The Problem might have solved.

Thank you

Thank you.

Hi @kaichop
I am having issues during the preparation of annovar database with the SARS-CoV-2 genome. May I ask how can I access the reference file which you prepared for this purpose? Thanks a lot.
Best,
gc

Dear Sir,

I'm first time using this software for annotation of SNPs of Covid genomes.

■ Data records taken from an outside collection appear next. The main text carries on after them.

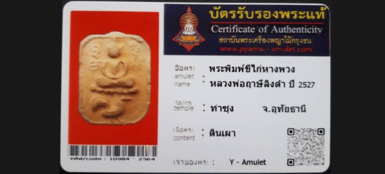 บัตรที่ผ่านการรับรองไม่มีหมวดหมู่ พระพิมพ์ขี่ไก่หางพวง หลวงพ่อฤาษีลิงดำ วัดท่าซุง จ.อุทัยธานี เจ้าของพระ Y – Amulet รหัสบัตร 10984 – 2564
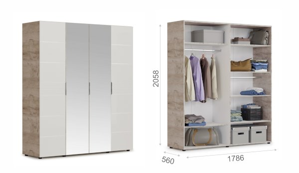 Современный распашной шкаф Джулия яркий представитель европейского минимализма. Это шкаф-конструктор, который позволяет выбрать подходящий вам размер, его наполнение и дизайн. На базе корпуса можно создать множество комбинаций: с зеркалами, с глухими глянцевыми фасадами, с порталом из ЛДСП 22мм или без него. Дополнительная опция – светодиодная подсветка монтируется в верхней части портала над каждой дверью. Шкаф выполнен из экологически безопасных надежных материалов. Декором белым глянцевым фасадам High Gloss служит фрезерованный рисунок «Волна» - подчеркивает зеркальный блеск, делает интерьер спальни особенным и неповторимым. Торцевые ручки из хромированного металла - яркий акцент фасадов. Наполнение шкафа включает в себя вместительные полки и отделения со штангой, что позволяет создать систему для хранения вещей различного назначения. Идеально компонуются со всеми модулями системы Джулия.
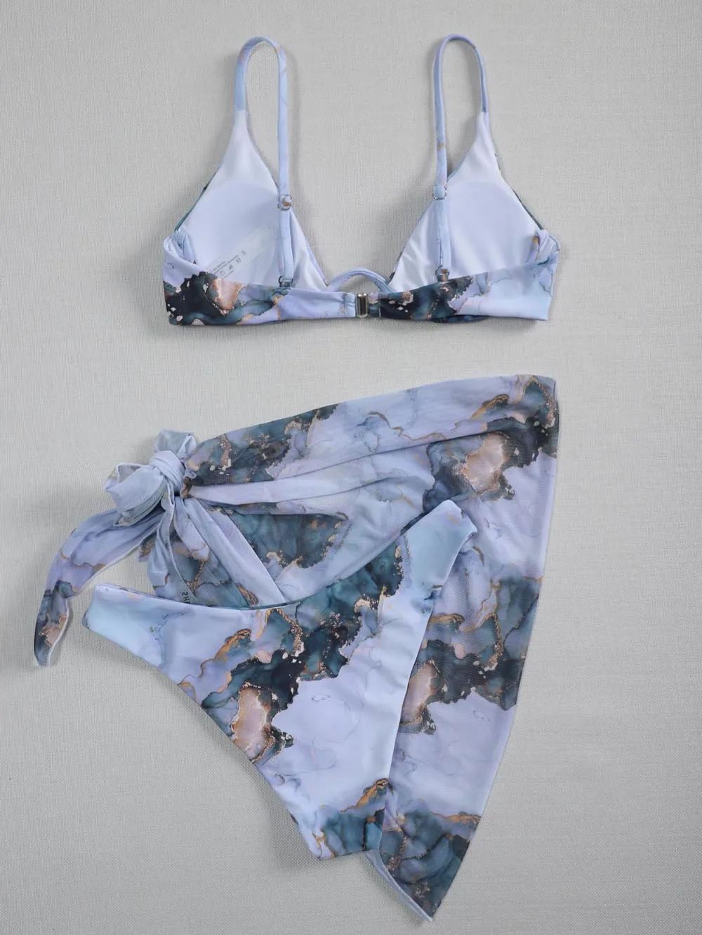Новинка 2022, пикантный мраморный купальный костюм с принтом, спорт...
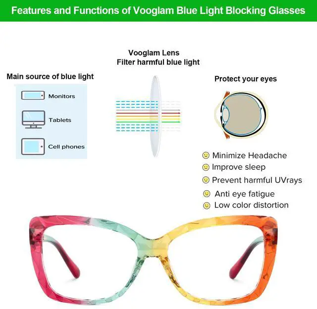 VOOGLAM Blue Light Glasses for Women Rectangle Gaming Glasses Anti Eyestrain Dry Eyes UV Computer Phone TV Eyewear Fashion Letitia Colorful GJGP797619-13 Trend
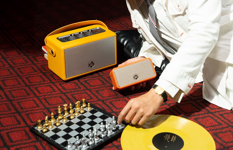 Kích thước chỉ 162 x 84 x 88 mm cùng trọng lượng 760g, W39 dễ dàng đặt gọn trên kệ sách hoặc mang theo khi đi dạo phố, cà phê. Thân loa làm từ gỗ chắc chắn, bọc da cao cấp, phối hợp với mặt ê-căng thép độc đáo vừa tăng độ bền vừa tạo điểm nhấn thị giác.
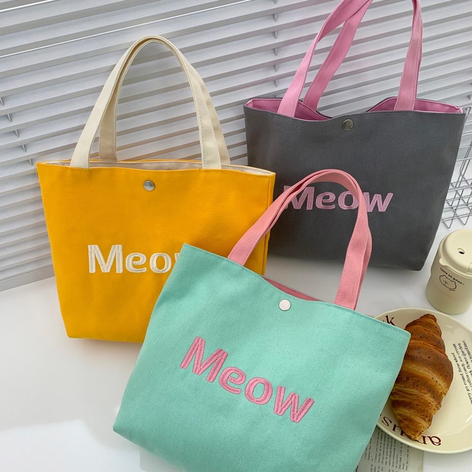 Wholesale Candy Color Women Tote Bags Canvas Cotton Solid Color Shoulder Hand Bag Embroidery Logo Grocery Bags for Women
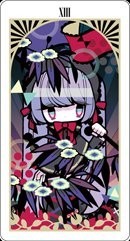 卡牌化:深紫色头发长到腰部,颜色从上到下渐变成白,浅棕色过渡,有一把黑红色的巨大镰刀,能力可召唤幽灵(或称为鬼魂)辅助产生精神物理双重伤害,有吸血鬼的特征(皮肤有些病态的白)但不惧怕阳光,不喝血
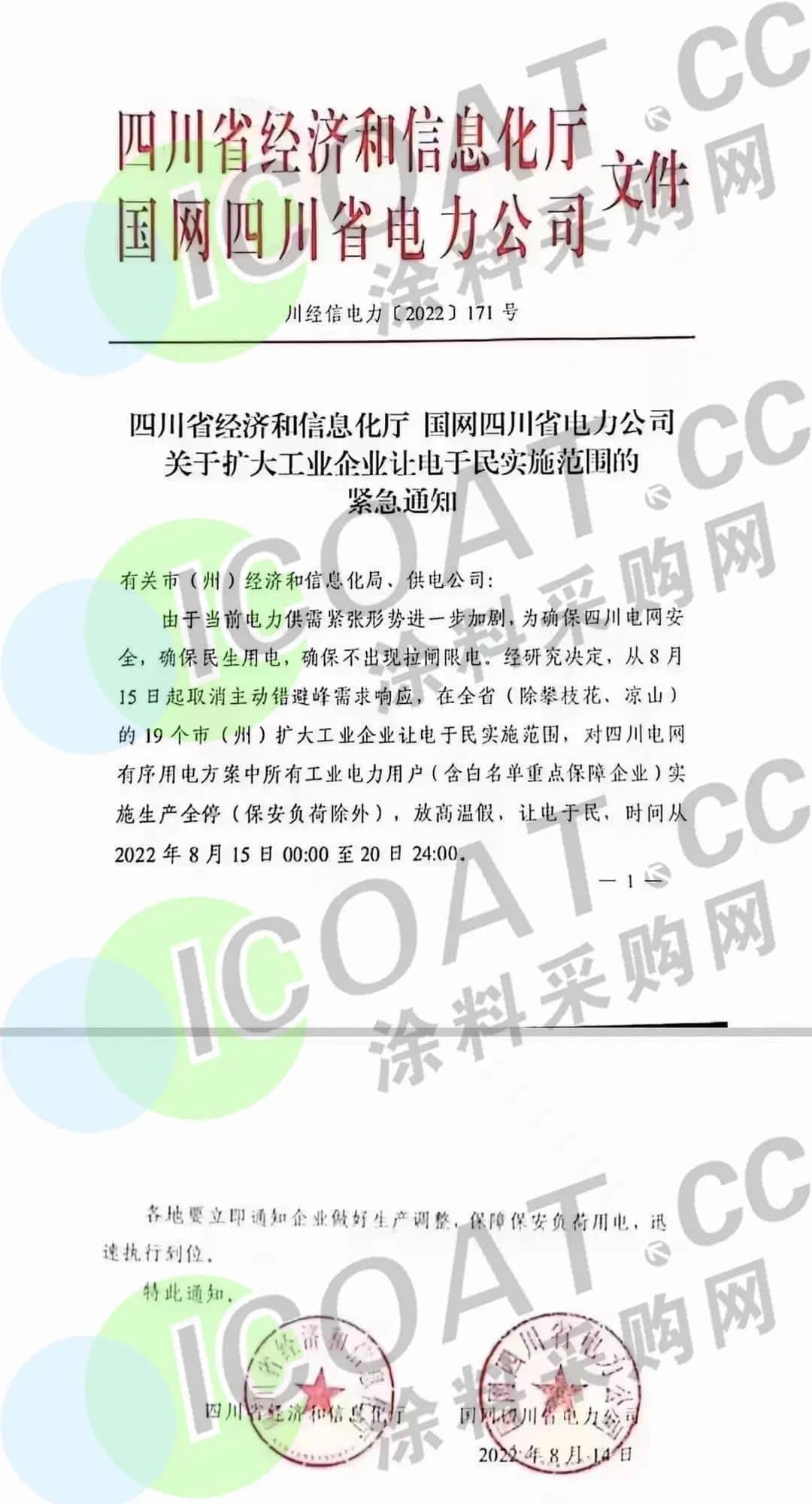 近日,四川省经信厅和国网四川联合下发了《关于扩大工业企业让电于民实施范围的紧急通知》,要求从8月15日起,四川省(除攀枝花、凉山)的19个市(州)扩大工业企业让电于民实施范围;对四川电网有序用电方案中所有工业电力用户(含白名单重点保障企业)实施生产全停(保安负荷除外),时间从8月15日零时开始,至8月20日24时结束。

First I started creating a database following (https://github.com/WGLab/Workshop_Annotation and https://annovar.openbioinformatics.org/en/latest/user-guide/gene/#what-about-gff3-file-for-new-species) documentation of ANNOVAR. I've used reference genome of SARS COV-2 (NC_045512.2), and downloaded gtf file from ENSEMBL (https://covid-19.ensembl.org/Sars_cov_2/Info/Index).

Commands are

./gtfToGenePred -genePredExt Sars_cov_2.ASM985889v3.101.gtf Cov19_refGene3.txt

perl /home/imdeb/Softs/annovar/retrieve_seq_from_fasta.pl --format refGene --seqfile Cov19_Ref_NC_045512.2.fasta Cov19_refGene3.txt --out Cov19_refGene.fa

It gives me following message and Cov19_refGene.fa is empty

NOTICE: Reading region file Cov19_refGene3.txt ... Done with 12 regions from 1 chromosomes WARNING: Unable to retrieve regions at MN908947.3 due to lack of sequence information WARNING: Cannot identify sequence for ENSSAST00005000002 (starting from MN908947.3:265) WARNING: Cannot identify sequence for ENSSAST00005000003 (starting from MN908947.3:265) WARNING: Cannot identify sequence for ENSSAST00005000004 (starting from MN908947.3:21562) WARNING: Cannot identify sequence for ENSSAST00005000006 (starting from MN908947.3:25392) WARNING: Cannot identify sequence for ENSSAST00005000010 (starting from MN908947.3:26244) WARNING: Cannot identify sequence for ENSSAST00005000007 (starting from MN908947.3:26522) WARNING: Cannot identify sequence for ENSSAST00005000011 (starting from MN908947.3:27201) WARNING: Cannot identify sequence for ENSSAST00005000009 (starting from MN908947.3:27393) WARNING: Cannot identify sequence for ENSSAST00005000012 (starting from MN908947.3:27755) WARNING: Cannot identify sequence for ENSSAST00005000008 (starting from MN908947.3:27893) WARNING: Cannot identify sequence for ENSSAST00005000005 (starting from MN908947.3:28273) WARNING: Cannot identify sequence for ENSSAST00005000013 (starting from MN908947.3:29557) NOTICE: Finished writting FASTA for 0 genomic regions to Cov19_refGene.fa

So, this is a humble request that please furnish some valuable suggestion to overcome this issue.

@BiodeB
now I have encountered the same problem as you, may I ask how you solved it then? If you can reply me in your busy schedule, thank you very much!